Of course I am not busy only with Skila but with NLT as well — I’ve just uploaded new version of this suite, after half of year of work it was about the time.


NLT is complete

After an ugly start — a bug which was introduced with bugfix for another bug — I managed to go straight to the last missing piece in NLT, table driven lexer. It does not mean NLT is finished, but it is complete — all structural features are there and the table for lexer was the last one.

User can specify to compile all regex and string patterns while building a lexer into one big table. When the lexer runs there are no longer repetitions, classes, ranges, just a table with transitions. I was afraid of handling Unicode ranges, but after reading “Regular Expression Matching in the Wild” by Russ Cox I knew what to do, especially I was not building general purpose regex engine, but simplified multi regex one (no back references for example).

Without any optimization at all it is twice as fast as previous approach — checking patterns one by one during runtime. And I didn’t notice any difference in time when building the lexer, which is rather good news.

From now on, NLT is more for maintenance — fixing bugs, optimization, better error reporting, and so on.


GLR is here

Two wrong approaches with optimization later and GLR parser is ready for download.
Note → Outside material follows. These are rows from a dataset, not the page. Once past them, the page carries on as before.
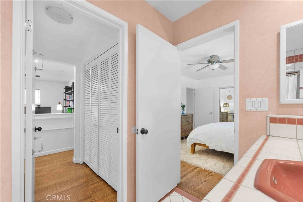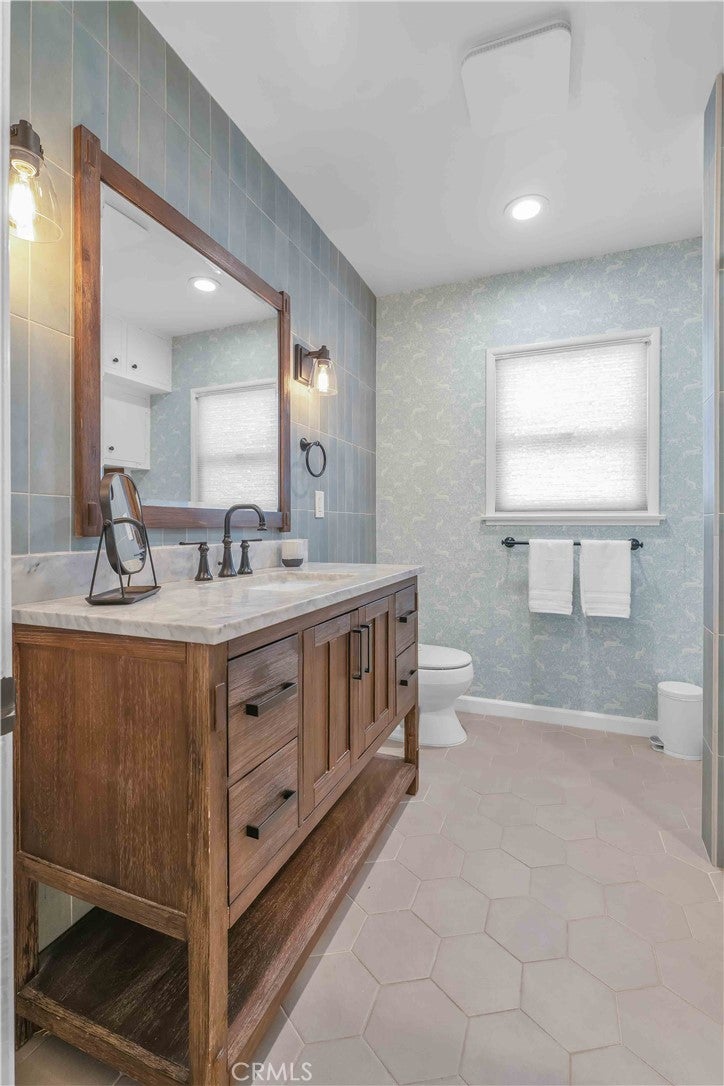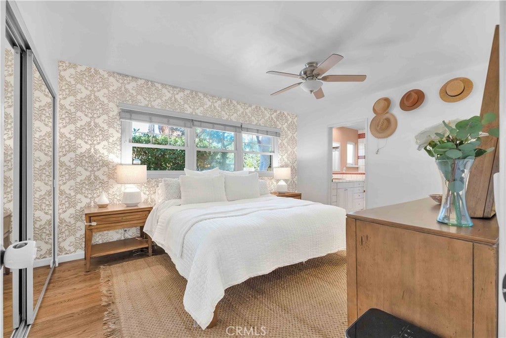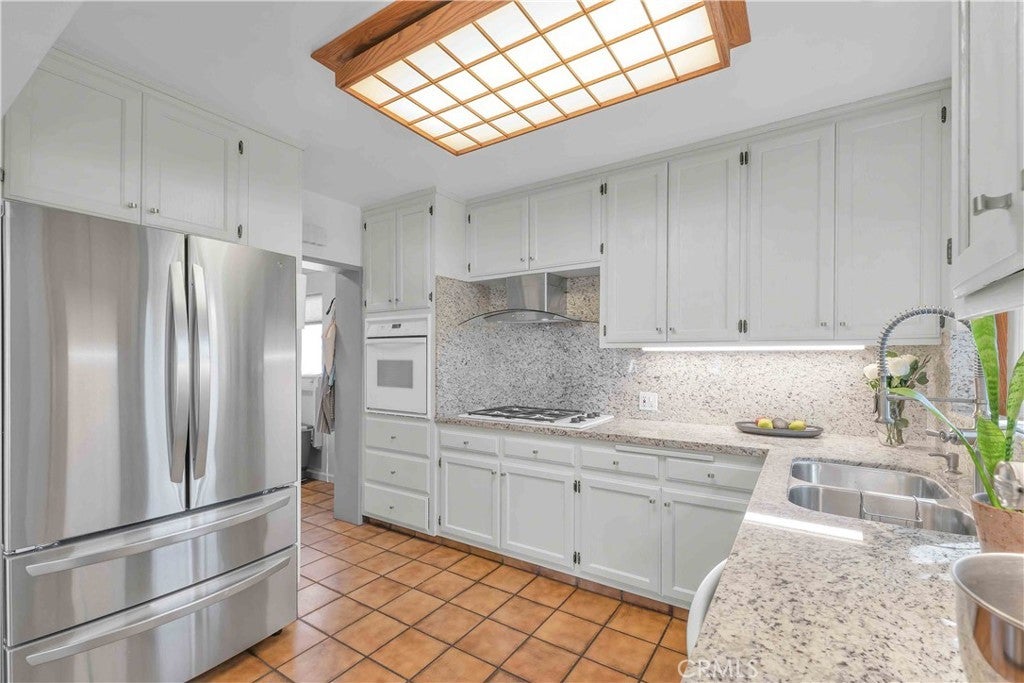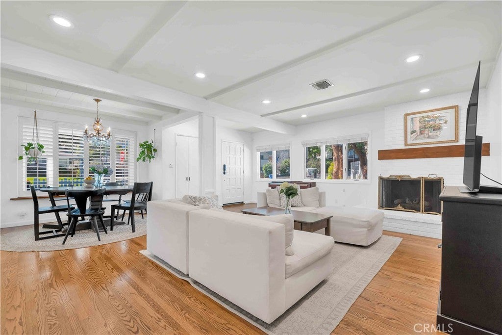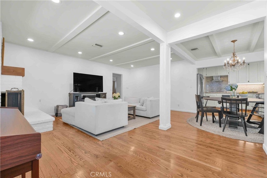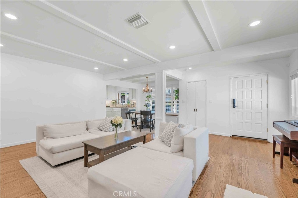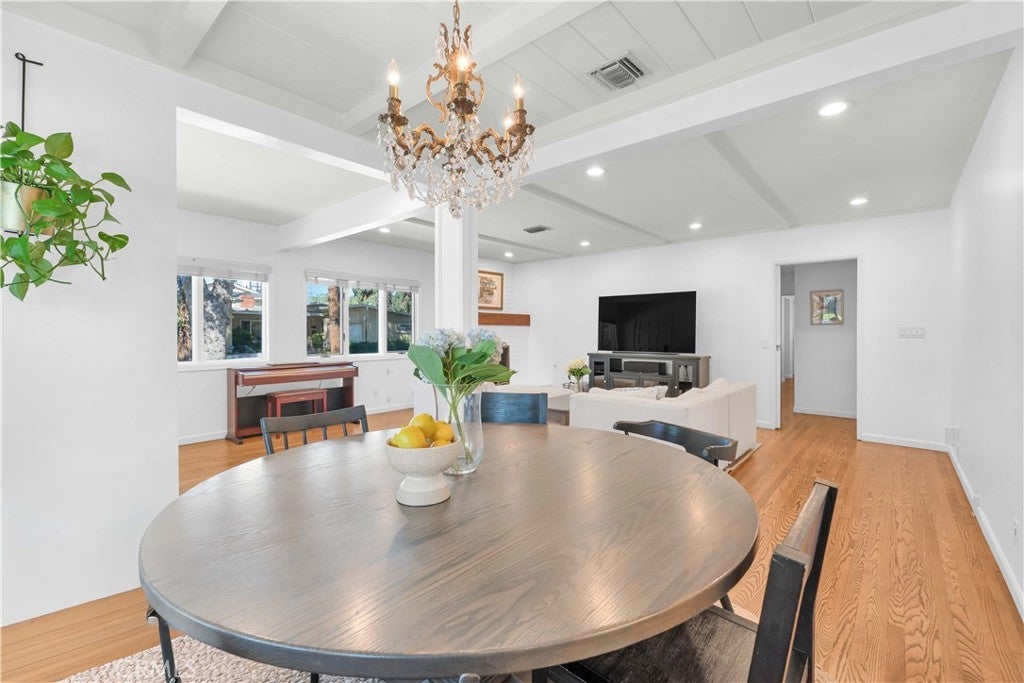 South of Ventura Boulevard on a desirable corner lot, this Woodland Hills home offers a rare combination of location, privacy, and a flexible floor plan. The southern-facing orientation fills the home with natural light that single-frontage properties rarely achieve, and a dedicated family room functions well as a home office, guest area, or creative space, adapting comfortably to your needs. Inside, oak hardwood floors run throughout the main living areas with an open floor plan that facilitates both cozy evenings and casual entertaining. The kitchen features granite countertops and ample cabinetry that make cooking and hosting effortless, conveniently flowing into a dedicated laundry space with built-in storage. The spacious primary suite is anchored by a beautifully preserved mid-century modern bath where original tile and porcelain have been maintained for tasteful vintage character. The second bathroom and a third powder room have been stylishly updated, and thoughtful storage runs throughout the home with cedar-lined closets featuring built-in organization, adding charm and comfort for family and guests. Step through striking French doors into a spacious covered patio that creates a natural extension of the living space. Private, shaded, and ready for entertaining, the high-fenced backyard features mature fruit trees, including lime, mandarin, pomelo, fig, and avocado, that make the backyard as productive as it is beautiful. The 360-square-foot concrete pad offers additional space for a storage shed, pergola, or other potential uses. A vast, open-ceiling 2-car garage completes this versatile home, currently used as a dedicated home gym. The home is equipped for modern living with an integrated solar panel system, Tesla Powerwall battery backup, and dedicated 240V fast EV charging, ensuring energy independence during grid blackouts. Additional highlights include a reverse osmosis water filtration system, dual water heaters, and drip irrigation and drought-tolerant landscaping throughout the property. All of this sits within walking distance of restaurants, grocery stores, and boutiques along Ventura Boulevard, with the calm of a quiet residential street waiting for you at home.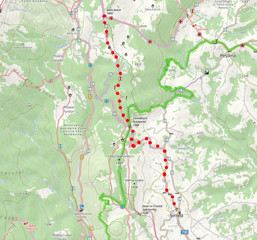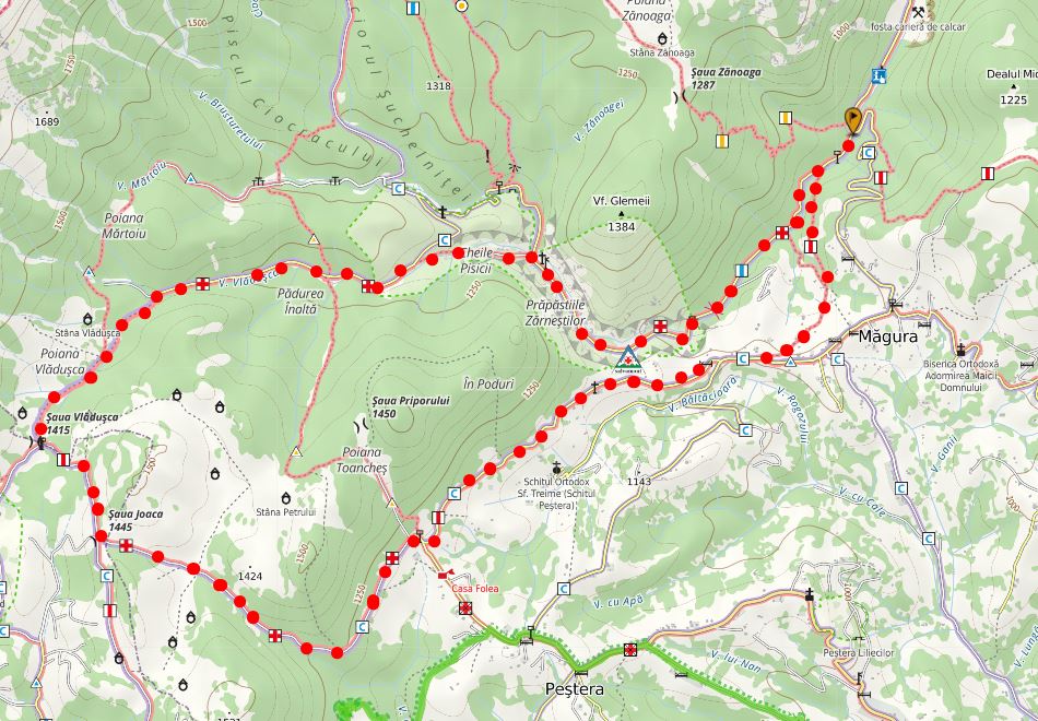 Fântâna lui Botorog (820m) – Prăpăstiile Zărneștilor – Cheia Pisicii – Șaua Vlădușca – La Table (1415m) – Șaua Joaca (1445m) – sat Peștera – Dealul Munteanului – Fântâna lui Botorog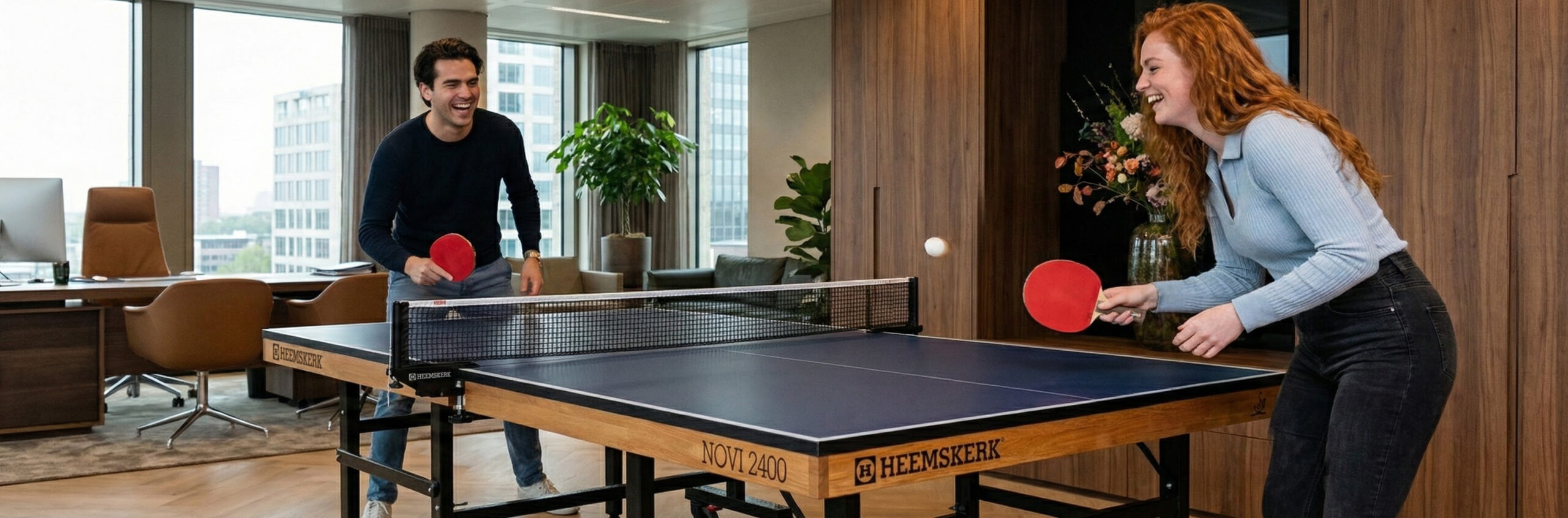 Tafeltennistafels voor Kantoor & Bedrijf. Boost de energie en sfeer op de werkvloer met een Heemskerk tafeltennistafel. Even weg achter dat bureau voor een potje pingpong zorgt voor een frisse blik en meer verbinding tussen collega’s. Of je nu zoekt naar een inklapbare tafel voor de kantine of een stijlvol designmodel voor in de vergaderruimte; wij hebben de perfecte match voor jouw kantoor.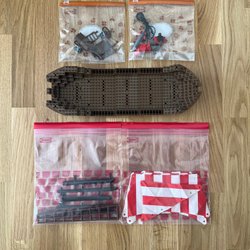 En annan påse innehåller gröna Lego-plattor och andra gröna byggdelar.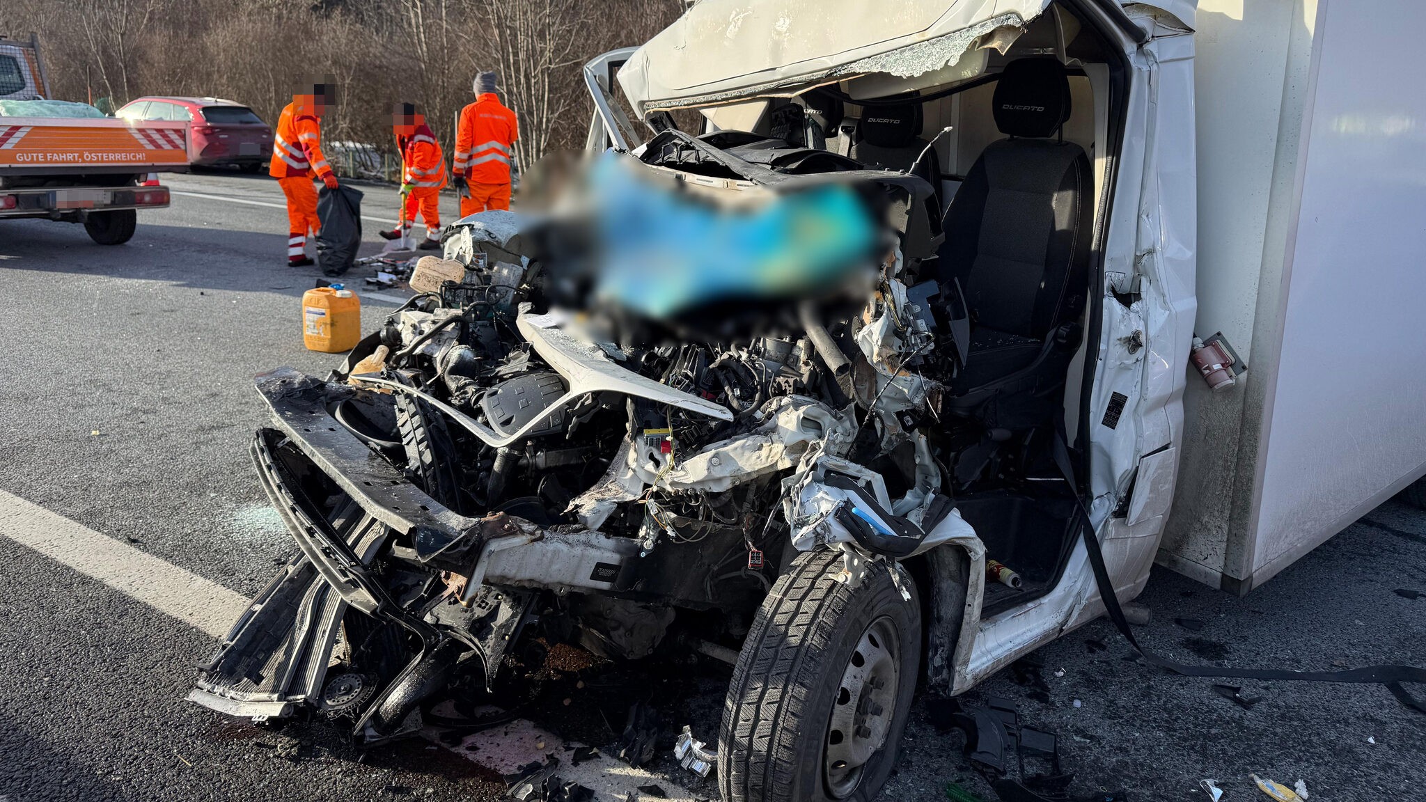 Dienstagnachmittag, 14.15 Uhr, Radfeld im Bezirk Kufstein: Ein 48-jähriger Einheimischer fuhr mit seinem Kleintransporter auf der A12 Inntalautobahn am rechten Fahrstreifen in Richtung Innsbruck. Aufgrund von Überlastung war es – wieder einmal – zu einem Lkw-Stau gekommen. Aus unbekannter Ursache übersah der 48-Jährige das Stauende. Nahezu ungebremst krachte er mit dem Klein-Lkw gegen einen bereits stehenden Sattelschlepper.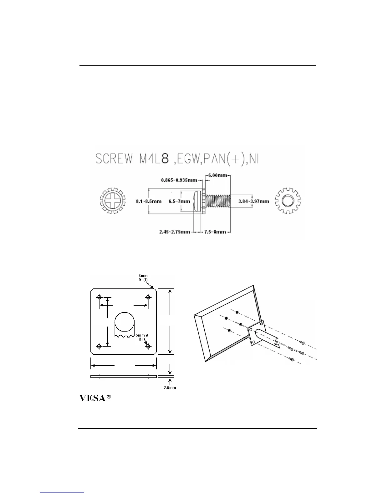 Fix UL listed wall mount bracket on the back of the monitor with screws, the specification of
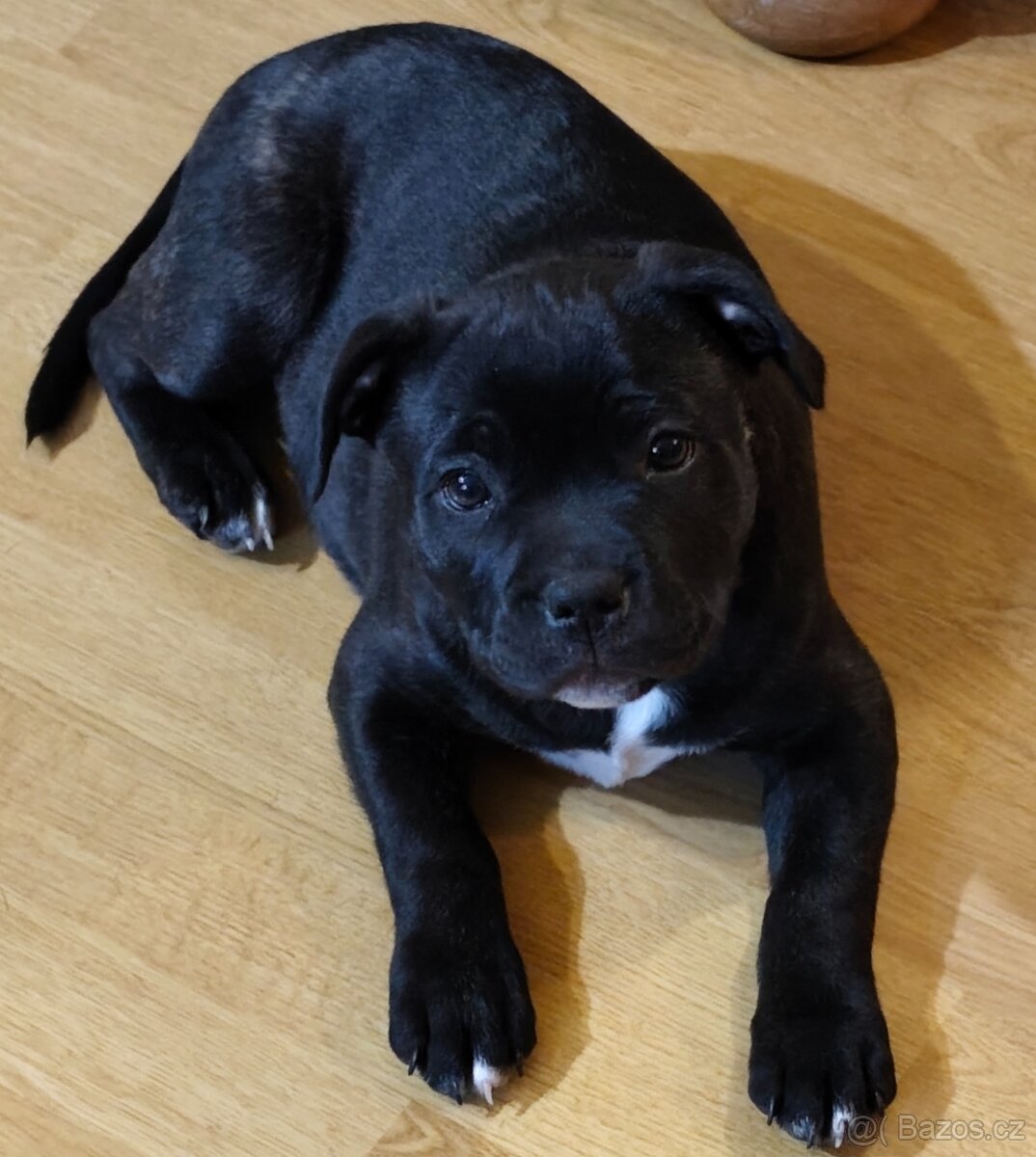 Hledám nového majitele pro našeho pejska. Má tři měsíce. Rasa Stafordšírský bulteriér. Velký mazel. Čistokrevný bez papíru. Čipovaný, očkovaný a odčervený.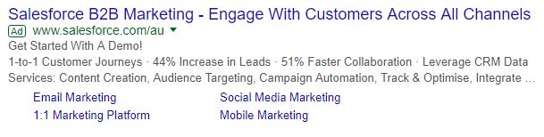 When Googling B2B marketing, you get this ad, which states specifics such as 44% increase in leads and 51% faster collaboration. This ad was far more engaging than the others which did not include any promising figures.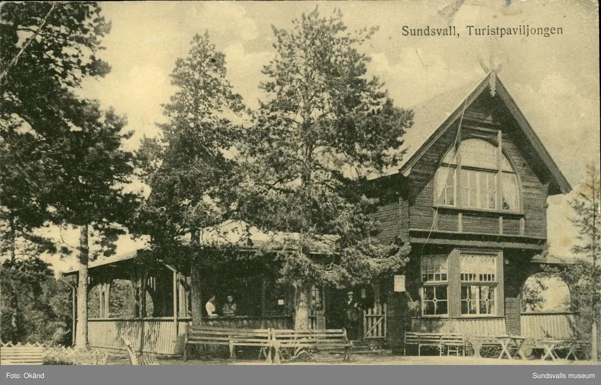 Vykort med motiv över Turistpaviljongen i Sundsvall.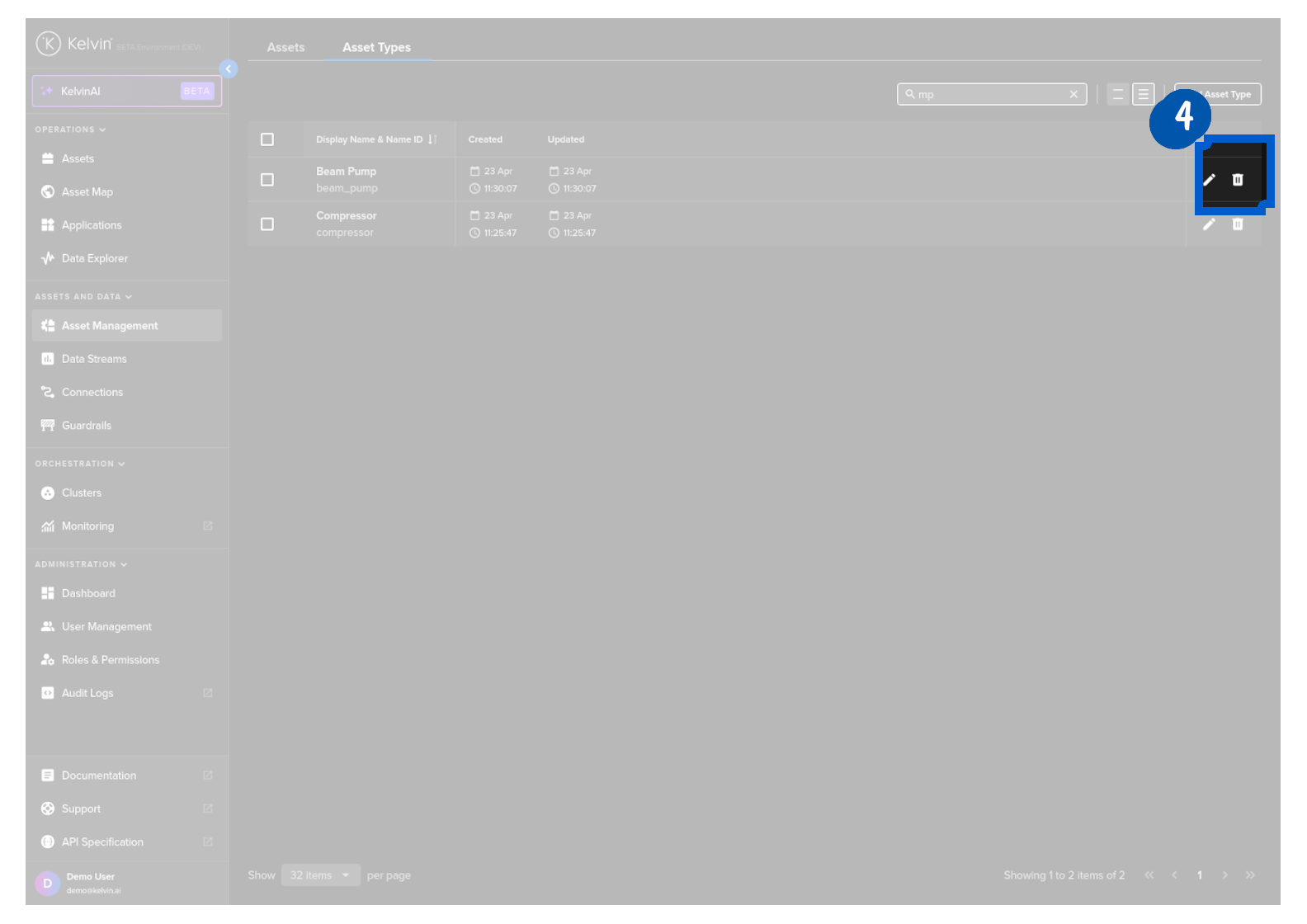 To delete an Asset Type, click on the rubbish bin icon on the right hand side of of an Asset Type row;

In my case the last missing step was upgrading LALR parser to MLR — I was following great explanation given by David R. Tribble (of course all errors in implementations are mine). One thing that caused my confusion was the term “lookahead” — it seems a lot of people using it for two different things, and so I introduced “after lookahead” and “next lookahead” terms to clarify which is which. The first one is used when building a parser to denote terminals which can show up after entire production is consumed (so it is irrelevant how much of the production is processed). The “next lookahead” is used when parsing — it denotes terminals which can show next in input stream (for reduce states of productions those two sets are identical).

Besides that implementing MLR parser was easier than LALR one — you don’t have to compute follow sets, there is less work with NFA and DFA.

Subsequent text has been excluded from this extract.